The plaintiff argues that the 1955 amendment of § 28 neither expressly states nor necessarily implies that the Legislature intended to change the legal effect of the forthwith sentence which, prior to the amendment, would have terminated the earlier imposed M.C.I., Concord, sentences. Such a construction, we believe, is not warranted in view of the foregoing legislative history. “[W]hen any statute is revised, or one act framed from another some parts being omitted, the parts omitted are not to be revived by construction, but are to be considered as annulled. To hold otherwise would be to impute to the Legislature gross carelessness or ignorance; which is altogether inadmissible.” National Shawmut Bank v. Woods Hole, Martha’s Vineyard & Nantucket S.S. Authy., 361 Mass. 219, 223 (1972), quoting from Ellis v. Paige, 1 Pick. 43, 45 (1822). Here the effect of the amendment was to remove from the statute the words that were the source of the previous interpretation of the statute. The defendant would have us put back into a statute words *251that the Legislature removed. We agree with the Superior Court judge that a prior M. C.I., Concord, sentence survives a forthwith sentence to a house of correction under G. L. c. 279, § 28, as amended.

Judgment affirmed.

The plaintiff escaped from Deer Island during his term, and he was given additional time to serve as a result of the escape and for offenses committed while on escape.

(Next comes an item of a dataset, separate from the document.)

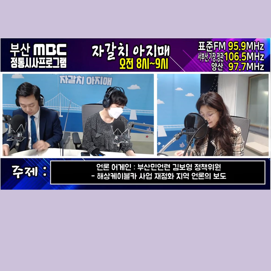 미분류, 활동소식 [언론어게인] 부산MBC 라디오 자갈치아지매(5/14) 2021-05-21 bssiminnet Leave a comment 2021년 5월 14일, 부산MBC 라디오 <자갈치아지매_언론어게인> 원고 받기>> 부산mbc라디오 자갈치 아지매 원고_0514 방송 내용>> 해상케이블카 사업 재점화한 지역언론 보도 문재인 정부 4년 평가, 지역 균형 입장에서 짚어 본 국제신문 부족한 산재보도, 유족의 목소리 주목한 부산MBC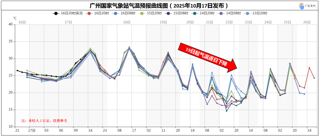 气温方面,19-22日,中等强度冷空气持续补充影响,广东气温自北向南逐日下降,过程降温6~10℃,最低气温将出现在22日或23日早晨。以广州为例,22日(周三)最高气温23℃左右,最低气温18℃左右,体感清凉,尤其是晨晚时段。

The plaintiff also sought in his complaint, as alternative relief, credit against his M.C.I., Concord, sentences the time spent in the Deer Island house of correction. During the Superior Court hearing the defendant agreed to give the plaintiff this credit. Accordingly, the issue whether the forthwith sentences ran concurrently with the previously imposed sentences is not before us.

General Laws, c. 279, § 27, provides: “If a convict serving a sentence of imprisonment in a jail or house of correction is convicted of a felony, the court may impose sentence of imprisonment in the state prison and order it to take effect forthwith, notwithstanding the former sentence. The convict shall thereupon be removed to the reception center established under section twenty of chapter one hundred and twenty-seven and shall be discharged at the expiration of his sentence thereto.”

The statute, however, does not operate in such a manner as would permit a District or Superior Court judge to impose a sentence to a jail or house of correction on a prisoner then serving a State prison sentence. Kinney, petitioner, supra.

General Laws, c. 279, § 28, provides: “If a convict serving a sentence of imprisonment in the Massachusetts Correctional Institution, Concord, is convicted of a crime punishable by imprisonment in the state prison or house of correction, the court may impose sentence of imprisonment therein and may order it to take effect forthwith, notwithstanding the former sentence. No sentence of imprisonment shall be imposed under this section in the Massachusetts Correctional Institution, Concord, notwithstanding the provisions of section thirty-one.”

Under the amendment newly sentenced prisoners would be removed to the reception center established under G. L. c. 127, § 20, rather than to State prison.